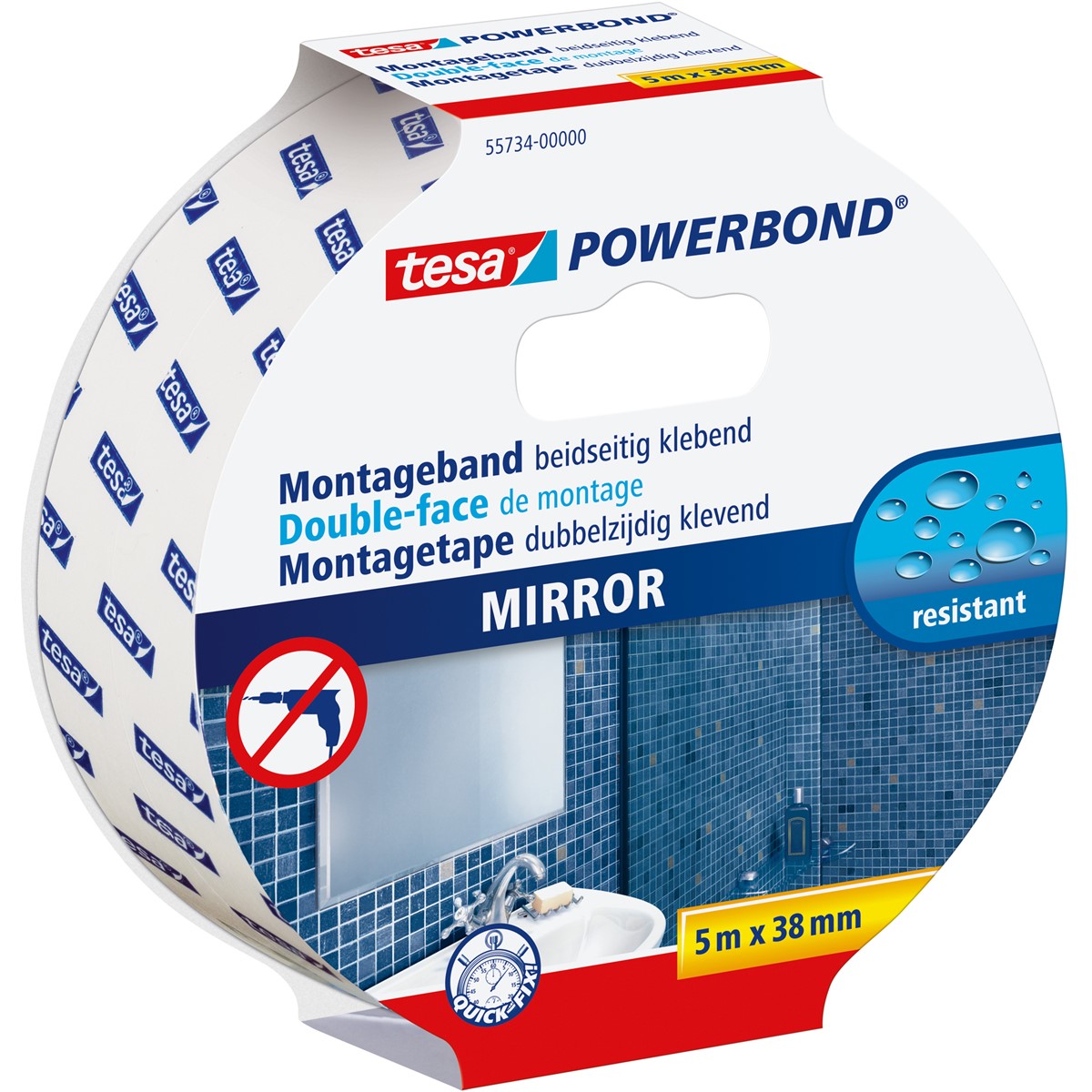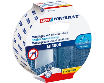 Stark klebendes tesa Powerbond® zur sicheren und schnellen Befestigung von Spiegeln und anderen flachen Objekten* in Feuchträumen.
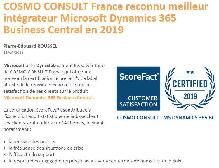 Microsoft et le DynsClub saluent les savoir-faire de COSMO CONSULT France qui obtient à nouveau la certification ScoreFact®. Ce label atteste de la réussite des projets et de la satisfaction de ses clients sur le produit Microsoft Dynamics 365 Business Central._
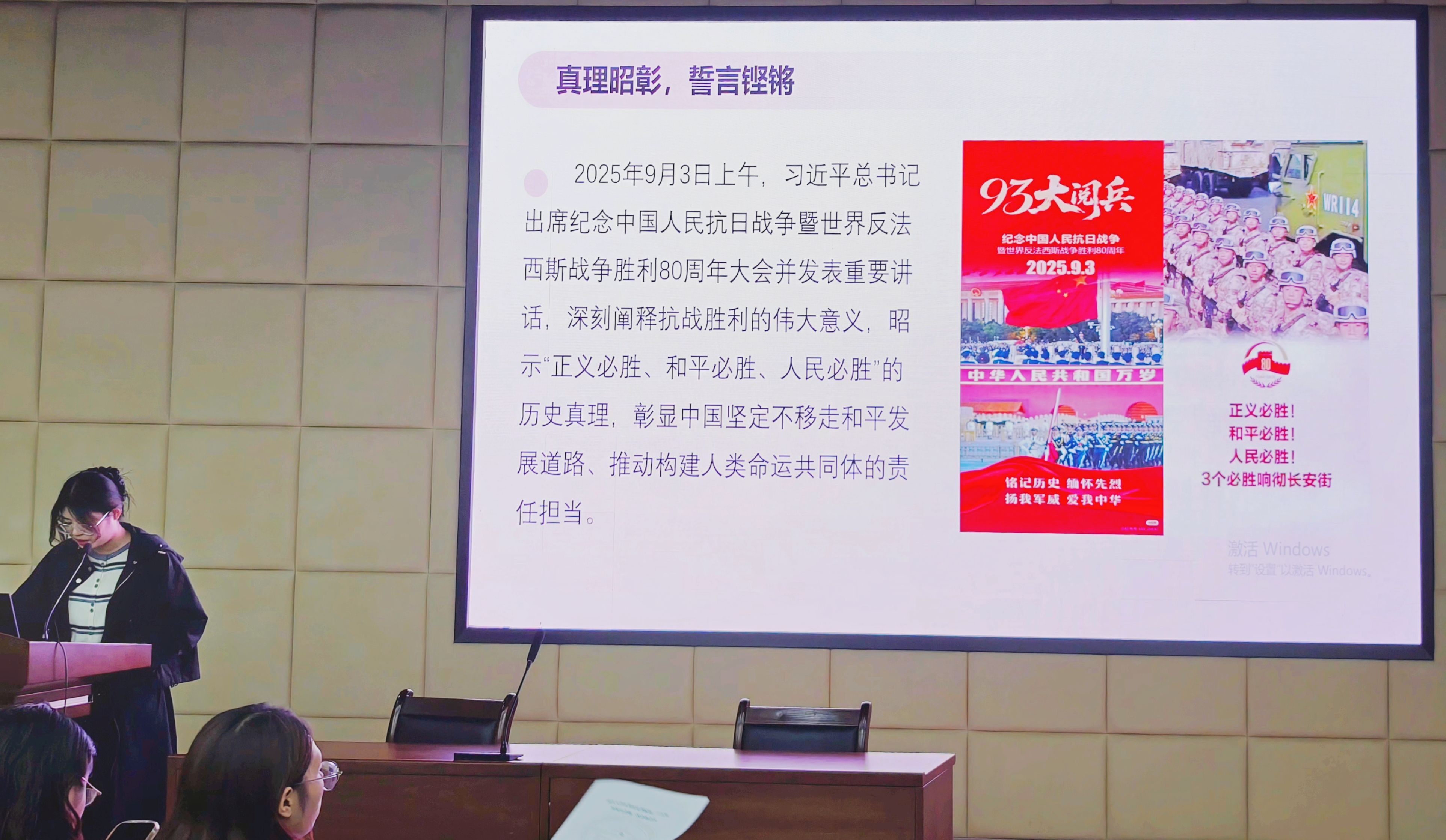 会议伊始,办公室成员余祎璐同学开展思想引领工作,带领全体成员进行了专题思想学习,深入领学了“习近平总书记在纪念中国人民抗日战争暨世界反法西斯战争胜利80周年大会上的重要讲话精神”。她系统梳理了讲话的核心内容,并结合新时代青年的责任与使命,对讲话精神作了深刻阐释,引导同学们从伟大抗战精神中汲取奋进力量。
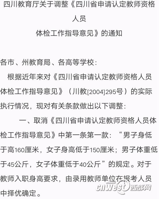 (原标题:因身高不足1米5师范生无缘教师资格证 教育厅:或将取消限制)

========================================================================

What to produce
Type the listing out again word for word, passing over each picture.

Answer section
 Stark klebendes tesa Powerbond® zur sicheren und schnellen Befestigung von Spiegeln und anderen flachen Objekten* in Feuchträumen.
 Microsoft et le DynsClub saluent les savoir-faire de COSMO CONSULT France qui obtient à nouveau la certification ScoreFact®. Ce label atteste de la réussite des projets et de la satisfaction de ses clients sur le produit Microsoft Dynamics 365 Business Central._
 会议伊始,办公室成员余祎璐同学开展思想引领工作,带领全体成员进行了专题思想学习,深入领学了“习近平总书记在纪念中国人民抗日战争暨世界反法西斯战争胜利80周年大会上的重要讲话精神”。她系统梳理了讲话的核心内容,并结合新时代青年的责任与使命,对讲话精神作了深刻阐释,引导同学们从伟大抗战精神中汲取奋进力量。
 (原标题:因身高不足1米5师范生无缘教师资格证 教育厅:或将取消限制)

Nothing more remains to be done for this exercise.